In ihrer Amtszeit, konstatiert er, könnte sich "die Zukunft von ARD & ZDF entscheiden": Ob sie links liegen gelassen werden "wie ein altes Möbelstück" (das aber eigentlich eher steht als liegt) oder "als gesellschaftlich breit verankerte und technisch innovative Informations- und Diskursanbieter, die den öffentlich-rechtlichen Grundgedanken unter sich verändernden Vorzeichen fortwährend neue Geltung verschaffen". Damit Letzteres eintritt, müsse der WDR als größte ARD-Anstalt tatsächlich vorangehen, meint Novy. Die Erwartungen an Vernau jedenfalls, das sieht man daran, sind doch etwas größere. (Aber hui, was fordert Russ-Mohl da an selber Stelle, emeritierter Professor für Journalistik und Medienmanagement? Wirklich einen "Gebührenboykott": "Die Medienpolitik in Deutschland sowie ARD und ZDF sind leider so konstruiert, dass der Selbstblockade kaum zu entrinnen ist. Auch das Bundesverfassungsgericht hat mit seiner Rechtsprechung bisher eher die Selbstgefälligkeit als die Beweglichkeit des ÖRR befördert. Helfen würde wohl nur ziviler Ungehorsam, sprich: ein Gebührenboykott, den alle mittragen, die den ÖRR an seinen Programmauftrag erinnern möchten.")
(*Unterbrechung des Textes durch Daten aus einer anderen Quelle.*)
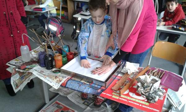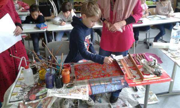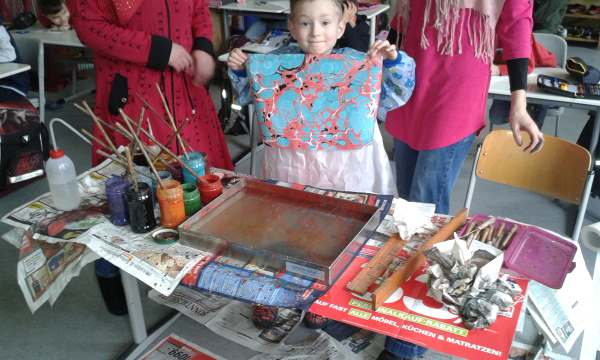 Im März kamen Frau Simsek, eine Schülermama und Frau Iyi in unsere Klasse 1c und haben mit den Kindern Bilder in Ebru- Technik hergestellt. Es sind tolle Muster entstanden.

+++ Als der französische Milliardär Vincent Bolloré war zuletzt hier Thema war, ging es um seine Pläne in Südafrika. Nun hat der "Spiegel" (Abo) online aufgeschrieben, wie er, der "den Schwenk von den Konservativen zu den Rechtsradikalen längst vollzogen" habe, bei der Parlamentswahl in Frankreich "im Hintergrund die Strippen" ziehe.
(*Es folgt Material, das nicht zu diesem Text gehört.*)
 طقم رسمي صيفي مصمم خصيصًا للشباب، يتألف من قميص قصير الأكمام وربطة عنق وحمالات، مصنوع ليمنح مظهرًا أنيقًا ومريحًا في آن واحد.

+++ Nach 100 plus x Folgen seines Newsletters zieht Johannes Kuhn in seinem "Internetobservatorium" eine etwas bittere Zwischenbilanz: "Ich habe mich schon lange damit arrangiert, dass das Internet kein Möglichkeitsraum (mehr) ist. Aber, und das klingt naiv, aber ist relevanter: Wenn das Internet 2024 unsere gesellschaftliche, verhaltenspsychologische und interpersonale Zukunft andeutet, denke ich mir oft: es sollte es besser kein integraler Bestandteil meines Lebens mehr sein."

+++ Schon "Kaulitz & Kaulitz" bei Netflix gesehen? Die Reality-Serie läuft seit einigen Tagen dort, und nach dem ersten größeren Schwung Kritiken tröpfeln immer noch Rezensionen und Artikel hinterher. Eine kluge Kritik kam vor einigen Tagen schon von Daniel Haas und stand in der "NZZ": "Raffinierter lässt sich das Leben als Spiegelgefecht mit dem eigenen Image, den Ansprüchen von Publikum und Schlüssellochblick-Presse nicht erzählen. Ob das alles so richtig und authentisch ist, was in den acht Folgen von den Kaulitz-Brüdern berichtet wird, spielt keine wesentliche Rolle."
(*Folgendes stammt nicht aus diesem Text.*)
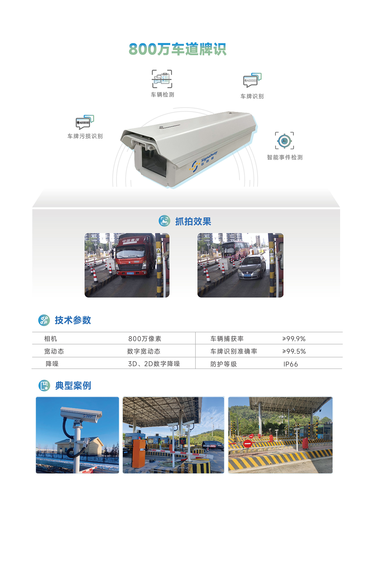 公司自主研發(fā)的800萬像素智能一體機,集圖像采集、車輛檢測、車牌識別、視頻監(jiān)控于一體,一個設(shè)備管理一個收費車道,安裝調(diào)試簡單,主要用于高速公路收費應(yīng)用方案。

+++ Und wie geht’s weiter mit der medialen Duelliererei? David Hugendick vermittelt in einer "Zeit"-Glosse eine Ahnung: "Wegen großen Erfolgs gründet sich bald Duell-TV, wo sich zum Beispiel Vertreter der allgemeinen Wutgruppe 'Anwohner' und ein amerikanischer Tourist über Themen wie Nachtruhe anbrüllen dürfen, ebenso kann man sich künftig auf der App Duellando ­überall in deutschen Großstädten verabreden, falls man was mit jemandem wirklich klären will, was wiederum ein paar hagestolze Traditionalisten stark kritisieren…", und der Satz geht natürlich noch weiter.

Am Montag schreibt das Altpapier René Martens. Schönes Wochenende!